Rankings are from Final CFP rankings. All times Central Time Zone.

===Selection of teams===
- Bowl eligible (12): Appalachian State, Arkansas State, Coastal Carolina, Georgia Southern, Georgia State, James Madison, (Note: Due to a lack of bowl eligible teams, James Madison was deemed bowl eligible despite its two-year postseason ban during its transition from FCS to FBS.) Louisiana, Marshall, Old Dominion, South Alabama, Texas State, Troy
- Bowl ineligible (2): Louisiana–Monroe, Southern Miss

==Sun Belt records vs other conferences==

2023–2024 records against non-conference foes:

| Power Conferences 5 | Record |
|---|---|
| ACC | 2–5 |
| Big Ten | 0–2 |
| Big 12 | 2–2 |
| Pac-12 | 0–1 |
| Notre Dame | 0–0 |
| SEC | 0–4 |
| Power 5 Total | 4–15 |
| Other FBS Conferences | Record |
| American | 5–4 |
| C-USA | 2–1 |
| Independents (Excluding Notre Dame) | 5–1 |
| MAC | 2–1 |
| Mountain West | 2–1 |
| Other FBS Total | 16–8 |
| FCS Opponents | Record |
| Football Championship Subdivision | 14–0 |
| Total Non-Conference Record | 34–22 |

Postseason

| Power Five Conferences | Record |
|---|---|
| ACC | 0–1 |
| Big 12 | 0–0 |
| Big Ten | 0–0 |
| Notre Dame | 0–0 |
| Pac-12 | 0–0 |
| SEC | 0–0 |
| Power 5 Total | 0–1 |
| Other FBS Conferences | Record |
| American | 1–1 |
| C–USA | 0–2 |
| Independents (Excluding Notre Dame) | 0–0 |
| MAC | 2–2 |
| Mountain West | 2–1 |
| Other FBS Total | 5–6 |
| Total Bowl Record | 5–7 |

===Sun Belt vs Power 5 matchups===
This is a list of games the Sun Belt has scheduled versus power conference teams (ACC, Big 10, Big 12, Pac-12, Notre Dame and SEC). All rankings are from the current AP Poll at the time of the game.

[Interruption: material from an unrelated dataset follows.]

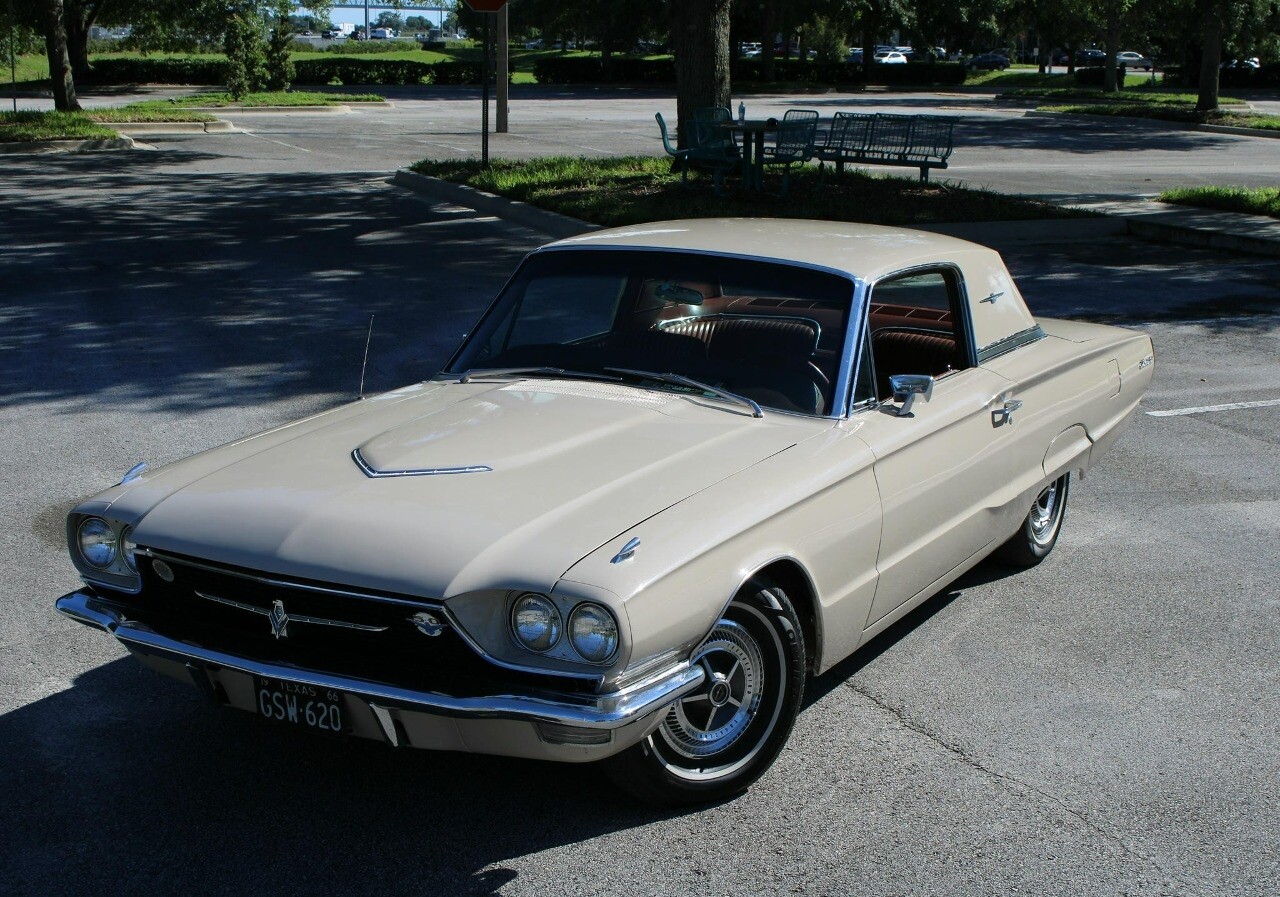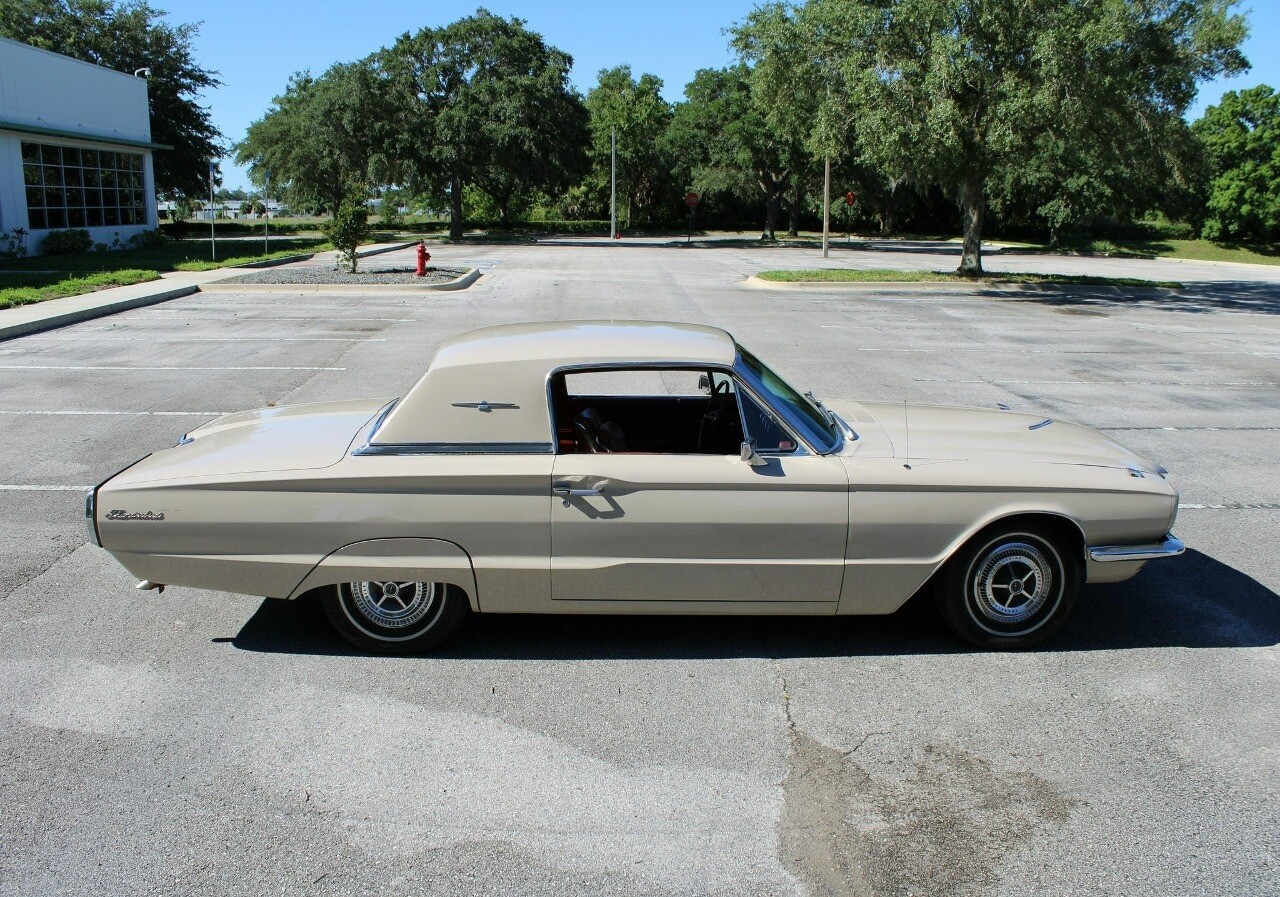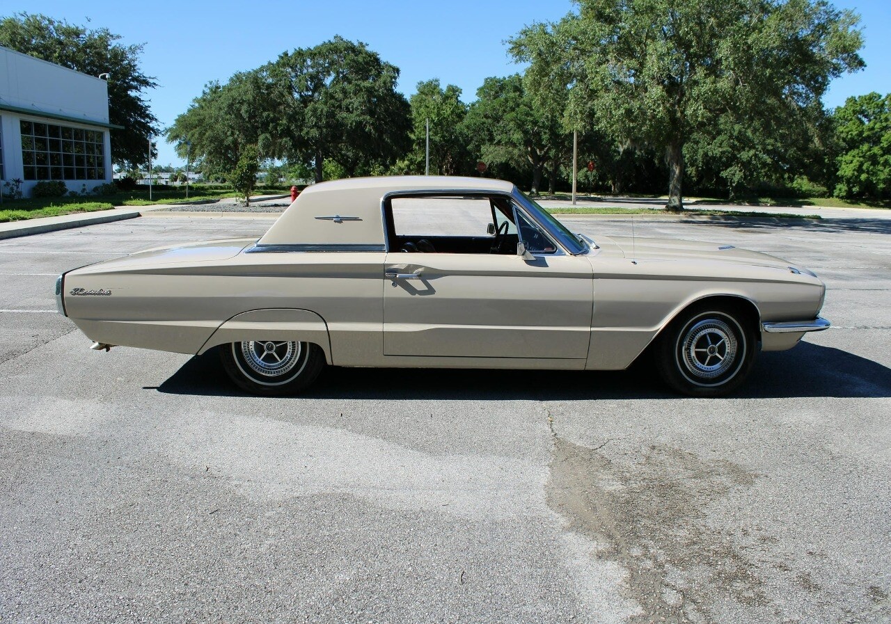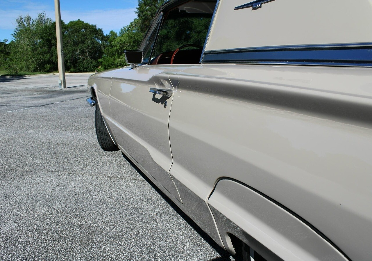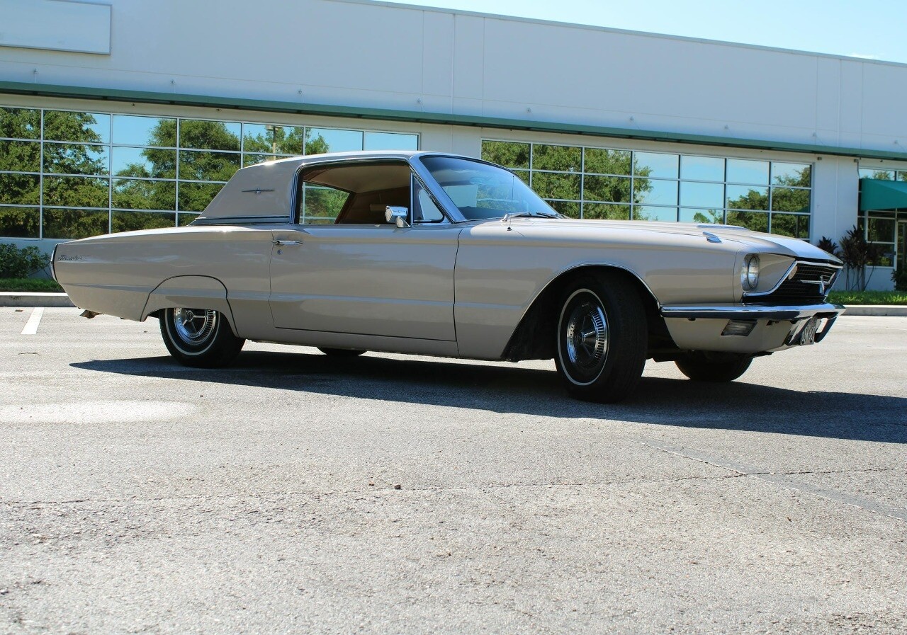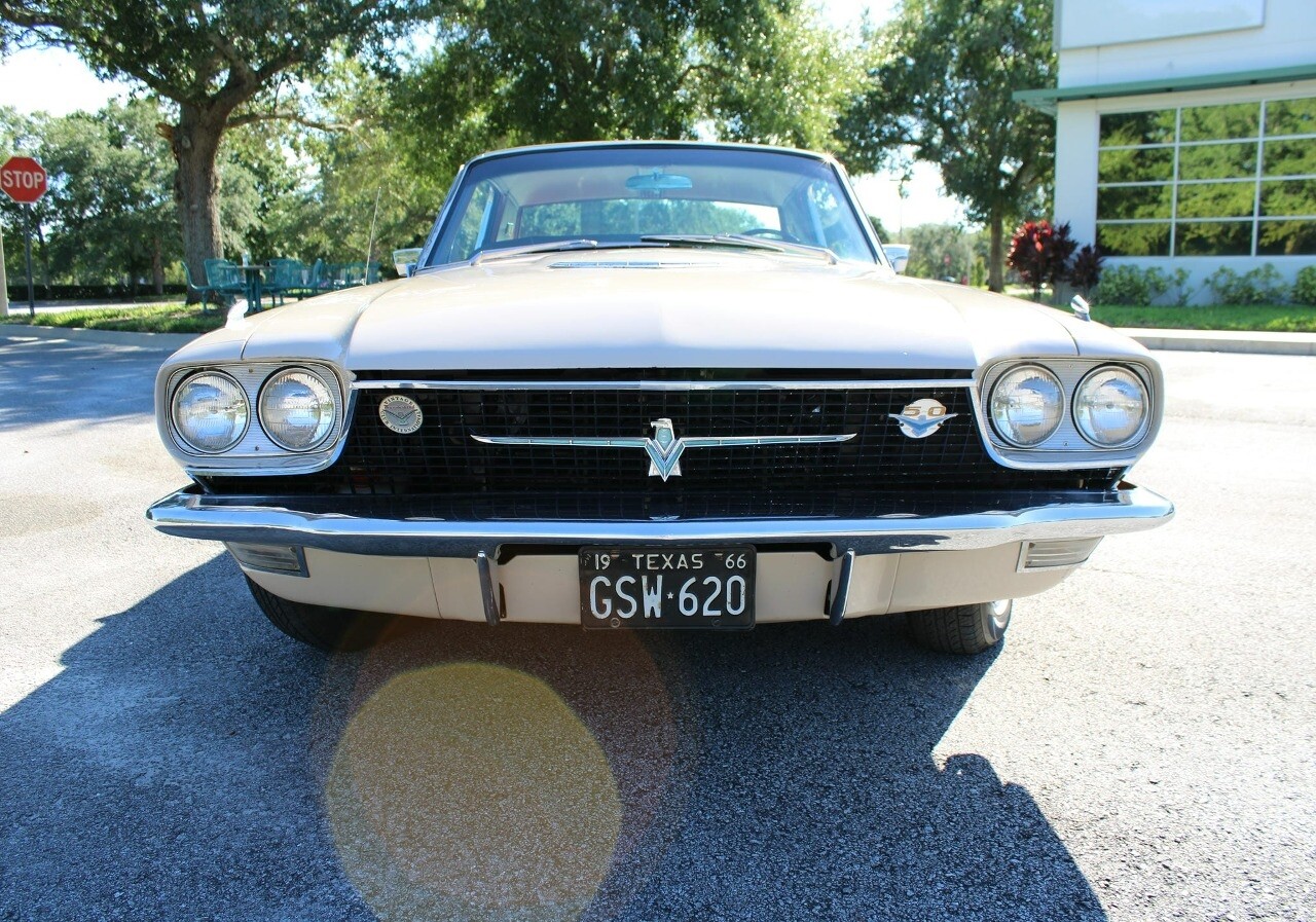 Introducing a classic icon of American automotive design: the 1966 Ford Thunderbird. This stunning vehicle boasts a sophisticated Desert Sand exterior color that complements its elegant lines and timeless appeal. Step inside to find a luxurious Saddle interior, crafted with high-quality vinyl that exudes both comfort and style.

| Date | Conference | Visitor | Home | Site | Score |
|---|---|---|---|---|---|
| September 2 | Pac-12 | Coastal Carolina | UCLA | Rose Bowl • Pasadena, CA | L 13–27 |
| September 2 | ACC | Old Dominion | Virginia Tech | Lane Stadium • Blacksburg, VA | L 17–36 |
| September 2 | Big 12 | Arkansas State | No. 20 Oklahoma | Gaylord Family Oklahoma Memorial Stadium • Norman, OK | L 0–73 |
| September 2 | Big 12 | Texas State | Baylor | McLane Stadium • Waco, TX | W 42–31 |
| September 9 | ACC | Appalachian State | No. 17 North Carolina | Kenan Memorial Stadium • Chapel Hill, NC | L 34–40 ^{2OT} |
| September 9 | ACC | James Madison | Virginia | Scott Stadium • Charlottesville, VA | W 36–35 |
| September 9 | ACC | Southern Miss | No. 4 Florida State | Doak Campbell Stadium • Tallahassee, FL | L 13–66 |
| September 9 | Big 12 | Troy | No. 15 Kansas State | Bill Snyder Family Football Stadium • Manhattan, KS | L 13–42 |
| September 16 | Big Ten | Georgia Southern | Wisconsin | Camp Randall Stadium • Madison, WI | L 14–35 |
| September 16 | ACC | Wake Forest | Old Dominion | S.B. Ballard Stadium • Norfolk, VA | L 24–27 |
| September 16 | SEC | Louisiana–Monroe | Texas A&M | Kyle Field • College Station, TX | L 3–47 |
| September 16 | Big 12 | South Alabama | Oklahoma State | Boone Pickens Stadium • Stillwater, OK | W 33–7 |
| September 23 | ACC | Virginia Tech | Marshall | Joan C. Edwards Stadium • Huntington, WV | W 24–17 |
| September 30 | Big Ten | Louisiana | Minnesota | Huntington Bank Stadium • Minneapolis, MN | L 24–35 |
| October 7 | ACC | Marshall | NC State | Carter–Finley Stadium • Raleigh, NC | L 41–48 |
| November 18 | SEC | Georgia State | No. 15 LSU | Tiger Stadium • Baton Rouge, LA | L 14–56 |
| November 18 | SEC | Louisiana–Monroe | No. 13 Ole Miss | Vaught–Hemingway Stadium • Oxford, MS | L 3–35 |
| November 18 | SEC | Southern Miss | Mississippi State | Davis Wade Stadium • Starkville, MS | L 20–41 |

===Sun Belt vs Group of Five matchups===
The following games include Sun Belt teams competing against teams from the American, C-USA, MAC, or Mountain West.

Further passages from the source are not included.